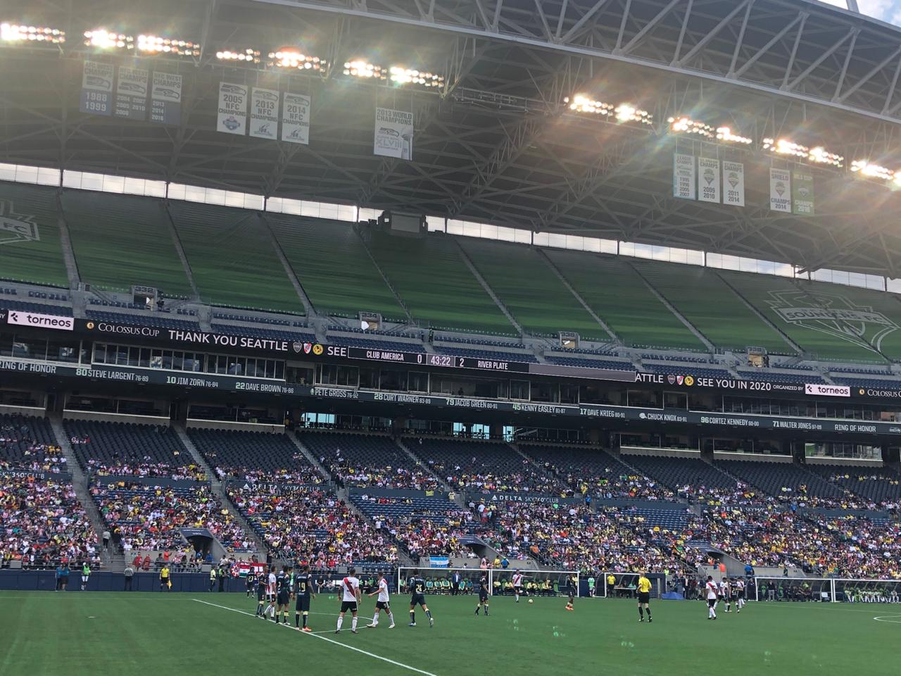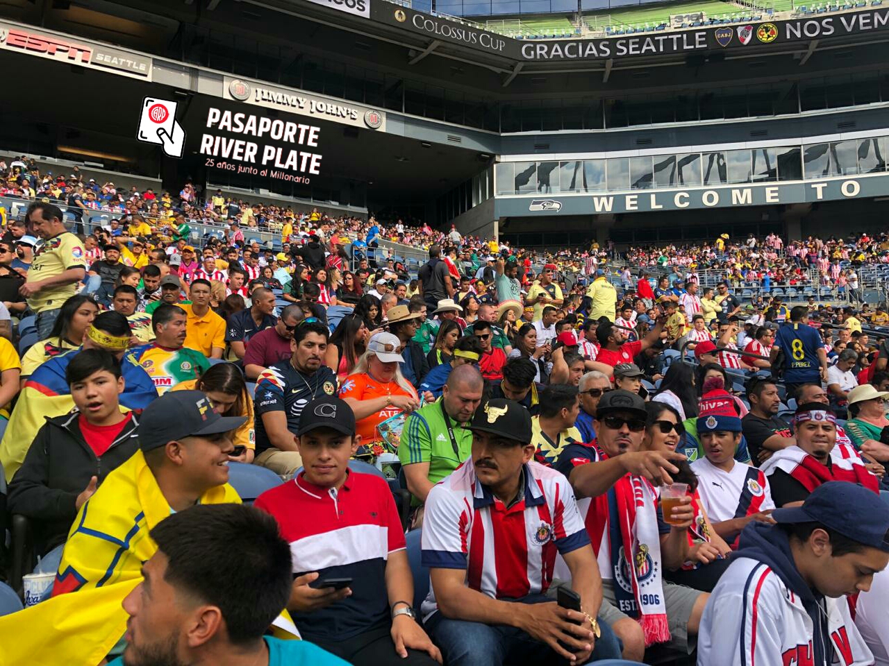 Arribamos a Seattle con los minutos contados,  y fuimos directamente al Centuryfield Link de Seattle, donde desde horas tempranas se junto la parcialidad Mexicana. No solo del Ámerica, sino de Chivas de Guadalajara compartían tranquilamente el mismo espacio. La organización nos acredito para Cabina, pero la sangre nos tira y fuimos a la tribuna a compartir el partido con los hinchas millonarios.
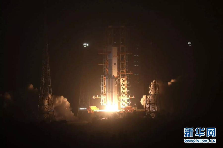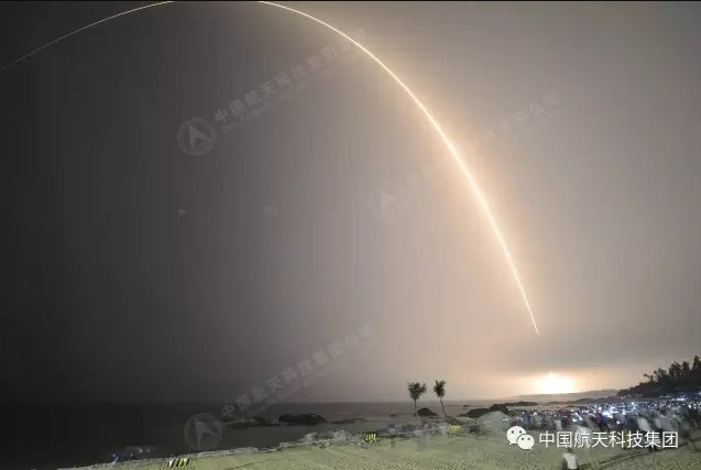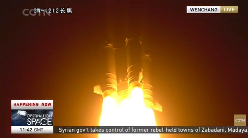 The 174-foot-tall (53-meter) kerosene-fueled launcher blasted off fr om the Wenchang space center, a tropical facility on Hainan Island at China's southern frontier, at 1141:35 GMT (7:41:35 a.m. EDT; 7:41:35 p.m. Beijing time), shortly after sunset at launch site.
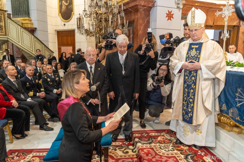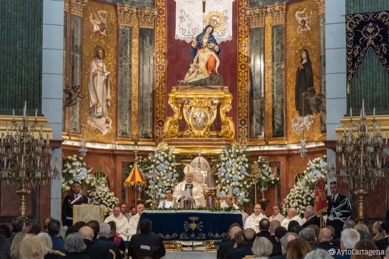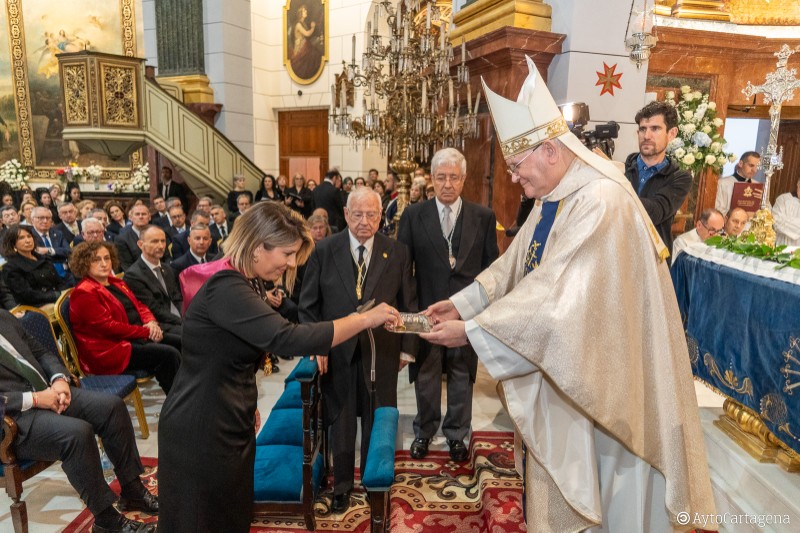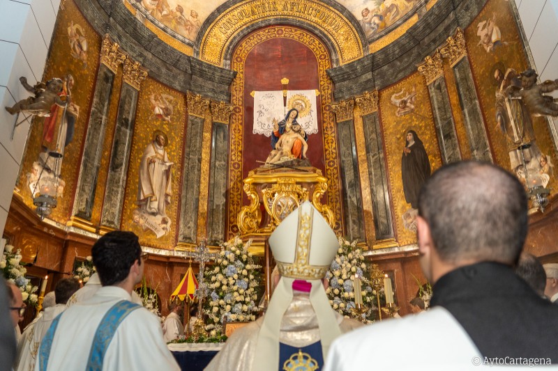 En su intervención, la alcaldesa ha dedicado unas palabras especialmente sentidas al Padre Montesinos, figura muy querida en la ciudad, que ofreció décadas de servicio desde la parroquia de San Diego, como rector de La Caridad y creador de múltiples iniciativas sociales. Su labor tiene el reconocimiento de toda Cartagena como un ejemplo de servicio, entrega y compasión hacia los más desfavorecidos. “recorrió el camino de la caridad, puso panes y peces en las manos de los más necesitados, buscó y dio protección a los más desamparados. Quienes tuvimos la suerte de conocerlo seguiremos viéndole siempre cada vez que miremos hacia este altar. Lo veremos justo donde está: junto a la Madre a la que sirvió con ilusión y generosidad.”, ha dicho Arroyo.

* [Instructions to follow] Would you transcribe the whole listing above exactly? The pictures should not be included.

* [Exercise output]
 Arribamos a Seattle con los minutos contados,  y fuimos directamente al Centuryfield Link de Seattle, donde desde horas tempranas se junto la parcialidad Mexicana. No solo del Ámerica, sino de Chivas de Guadalajara compartían tranquilamente el mismo espacio. La organización nos acredito para Cabina, pero la sangre nos tira y fuimos a la tribuna a compartir el partido con los hinchas millonarios.
 The 174-foot-tall (53-meter) kerosene-fueled launcher blasted off fr om the Wenchang space center, a tropical facility on Hainan Island at China's southern frontier, at 1141:35 GMT (7:41:35 a.m. EDT; 7:41:35 p.m. Beijing time), shortly after sunset at launch site.
 En su intervención, la alcaldesa ha dedicado unas palabras especialmente sentidas al Padre Montesinos, figura muy querida en la ciudad, que ofreció décadas de servicio desde la parroquia de San Diego, como rector de La Caridad y creador de múltiples iniciativas sociales. Su labor tiene el reconocimiento de toda Cartagena como un ejemplo de servicio, entrega y compasión hacia los más desfavorecidos. “recorrió el camino de la caridad, puso panes y peces en las manos de los más necesitados, buscó y dio protección a los más desamparados. Quienes tuvimos la suerte de conocerlo seguiremos viéndole siempre cada vez que miremos hacia este altar. Lo veremos justo donde está: junto a la Madre a la que sirvió con ilusión y generosidad.”, ha dicho Arroyo.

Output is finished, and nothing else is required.